We always have people who want to re-invent the wheel and ultimately there is nothing wrong with that. If we didn't have people doing that we would never get new technology. That being said, to build a program like you describe, from the ground up seems like not the best use of your time. Unless you think that you are going to go into computer science or some related field, then what is the motivation? There are plenty of technologies and software that are available for minimal cost and minimal amounts of labor to set up that can easily accomplish what you want to do.

As I mentioned before, if you had a computer running MagicQ as your controller and paired it with visualization software and then had a second computer, you could VNC into the main machine and manipulate the lights. In theory you could do it from home if the host machine was connected to the internet.

I do think that one of the real problems you would run into with the and product and it's uses as you described it is marketability and practicality. Even if you had the best rendering software and a live HD video feed from the theatre, there is no substitute for actually sitting at the tech table looking at the lights. Wen a designer is programming a show they don't want to be looking at a screen, they want to be looking at the stage and how the light plays on the scenery and the people. There really is no comparison to seeing it live and in person. The biggest reason that we have board-ops in this industry is so that the designer is free to look at the work they are doing as opposed to being tied to a computer and screens.

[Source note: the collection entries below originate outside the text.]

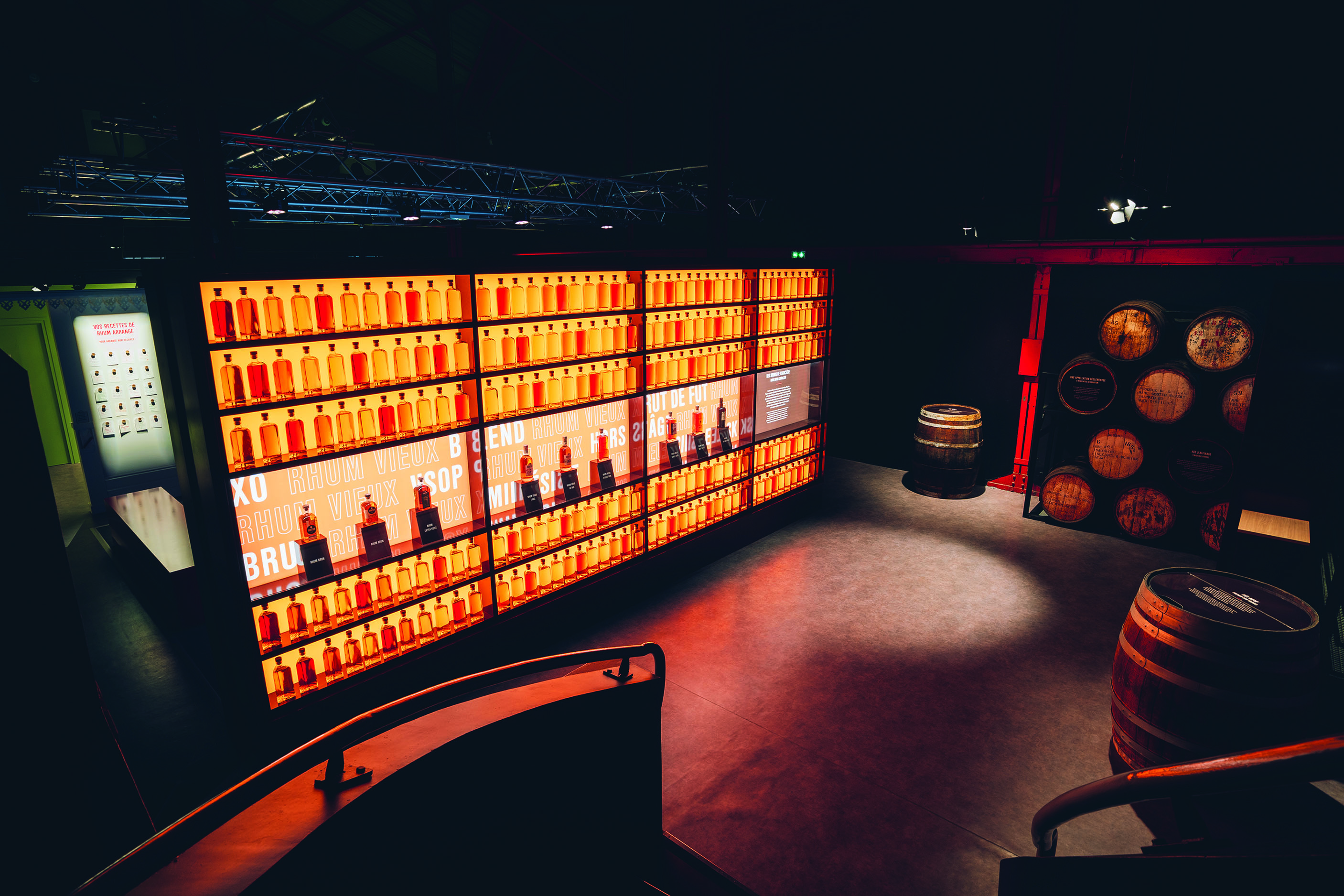 Benjamin Boulanger, directeur d’exploitation, au milieu des cuves de macération, étape de la fabrication des Arrangé Isautier. Rechts, aperçu du chai de vieillissement où s’effectue l’élevage des rhums. Unten : la colonne de distillation et l’atelier d’embouteillage d’une capacité de 3 millions de bouteilles par an.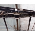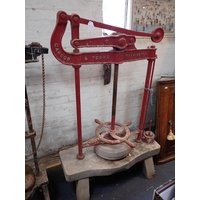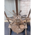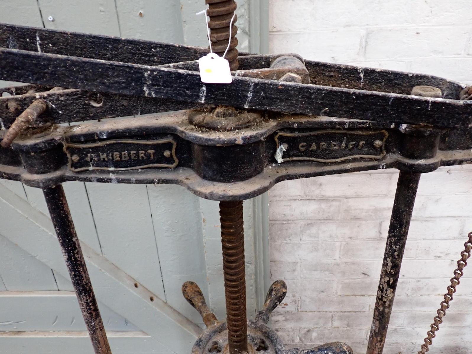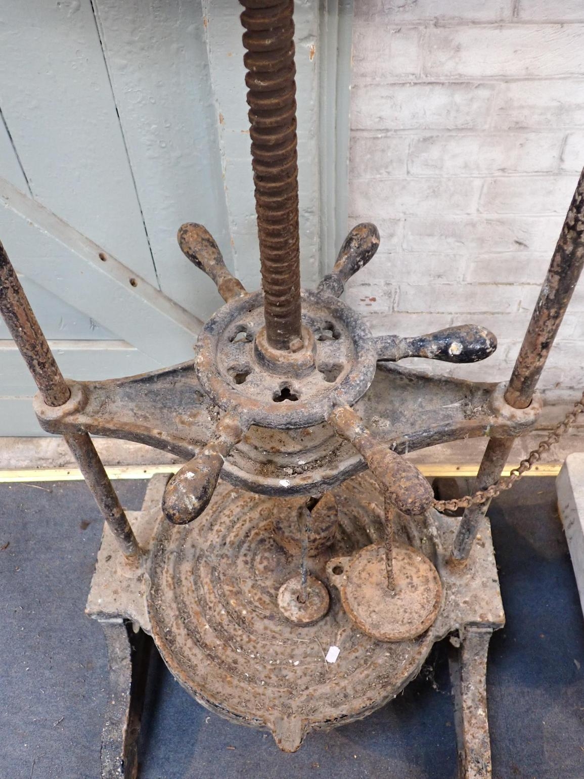 AN ANTIQUE CAST IRON CHEESE PRESSby J. Hibbert, Cardiff, 166cm high (barn stored condition; one spoke handle broken and missing)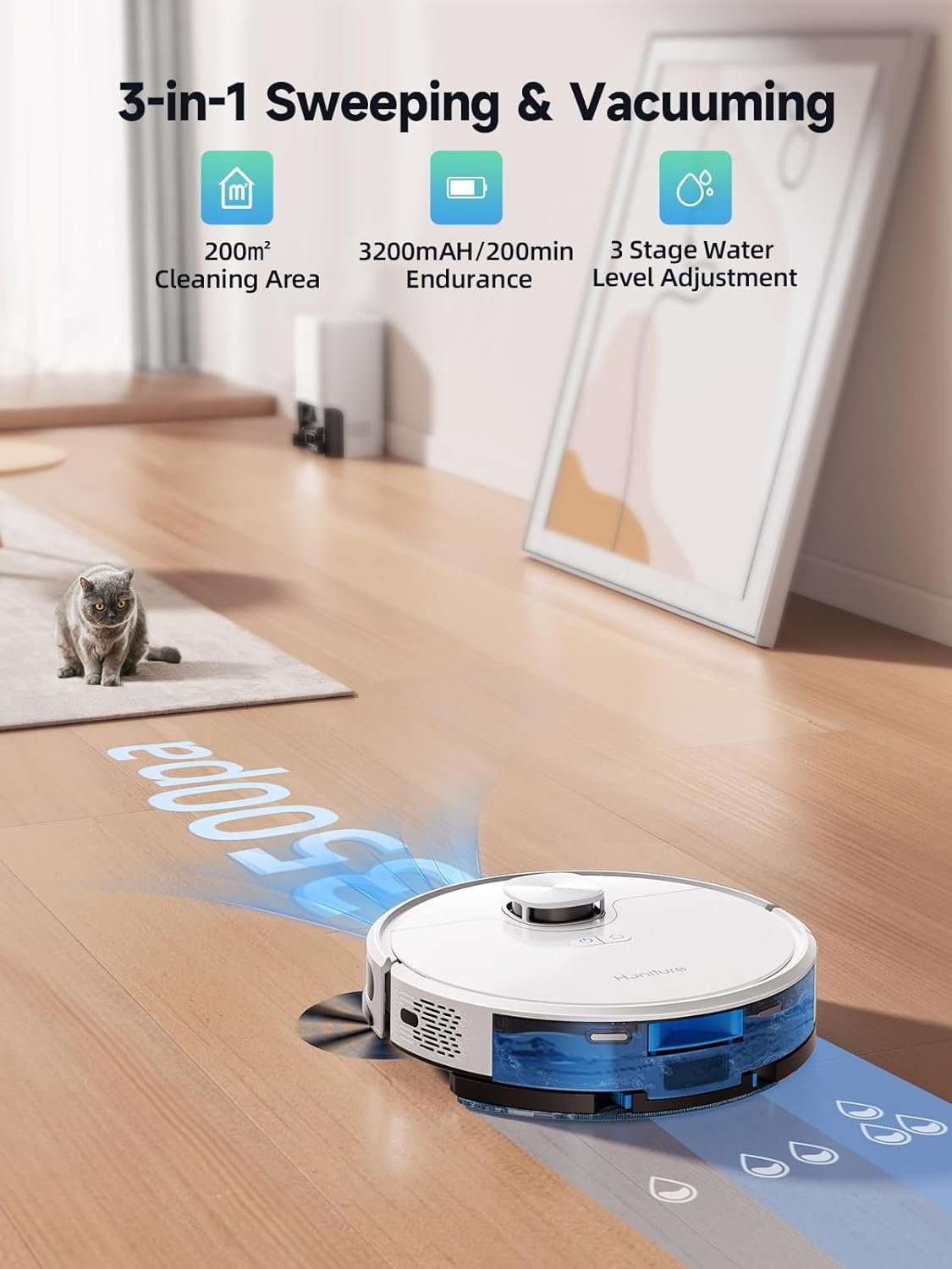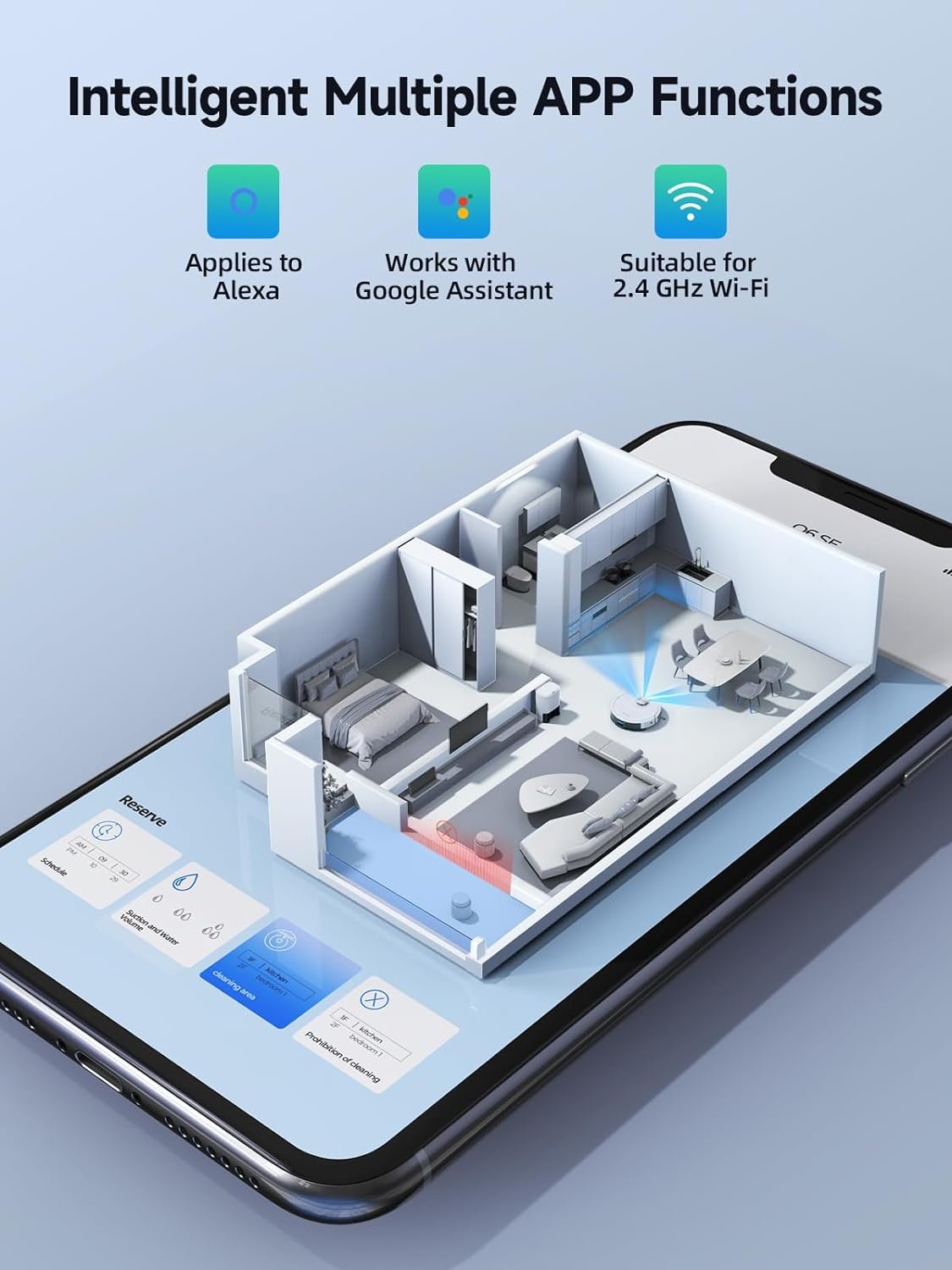 🤖Smart App and Voice Control ➤Q6 SE Robot Vacuum and Mop can be connected with Honysmart App (⚠️2.4G Wi-Fi Only), from your mobile phone you can monitor cleaning routes, set cleaning schedules, adjust suction power, water level, change cleaning modes, create no-go zones, etc.HONITURE Robot Vacuum also works with Alexa (ON/OFF).

Now, if this is a project that you want to pursue, that is great, go for it. Don't let any of us dissuade you from trying to do this. We are generally a stubborn industry, we like tried and true over shiny and new, but someone has to come up with new ideas sometimes! However, I would echo what others have said, you are going to need some serious training in real computer programming. This isn't going to be just another web-page to bang out. While part of the project may include a web interface, the bulk of this is going to be software that controls the lights (stores cues and levels and submasters, etc.), software that handles the live video, software that handles the visualization, etc. All things considered, this is a project that probably would need at least two host computers to be networked or one really powerful server. This project goes far beyond what a simple web-app is really capable of


----------



## JohnG (Nov 17, 2010)

Pie4Weebl said:


> Call me crazy, but I think you really don't know HTML if you think you can make programs with it. HTML is a "markup language" it exists merely to output a formatted display. It can't do any math, or any processing, or store variables, or any other basic programming functions.
> 
> You are in HS, do they have any computer science classes you could take, Java perhaps. See if you like that, then go to college for it, and then maybe after that you could re attempt your project.


 
Then I will call you crazy. I know HTML I want to use it to be able to complete one part of the project. I will be deploying an actual program, but I want HTML to be able to point to the program, then the program to point to DMX. So before you make these kind of accusations maybe you should ask.  I mean no disrespect but next time. Thanks 
-John


----------



## JohnG (Nov 17, 2010)

I am a Computer Science major actually.
So I am learning these things, yes currently this whole project is a bit more than I can chew, however, maybe a bit I'll have figured something out that works. I'll talk to you again about this in a few years.


----------



## Chris15 (Nov 18, 2010)

JohnG said:


> Then I will call you crazy. I know HTML I want to use it to be able to complete one part of the project. I will be deploying an actual program, but I want HTML to be able to point to the program, then the program to point to DMX. So before you make these kind of accusations maybe you should ask.  I mean no disrespect but next time. Thanks
> -John



Whilst being as tactful as I can about this, I think you are in no position to be saying that people should ask; refer to your #4 post in this thread:


JohnG said:


> Not what I was going for at all, I was aiming for something where HTML could output DMX. Is this possible? Using a dongle could one make HTML that would output in a DMX usable format to control a lighting system? Would one have to use C++? I would much rather use HTML though.


 
So it's time for everyone to remember CB's Core Values:

> The cornerstone values of our community is mutual respect between members. We pride ourselves in having a mature, civil, yet fun atmosphere where members are able to debate their differing opinions without resorting to flame wars . Our community enthusiastically welcomes new members, and we are always eager to offer helpful advice to both the novice and seasoned veteran alike.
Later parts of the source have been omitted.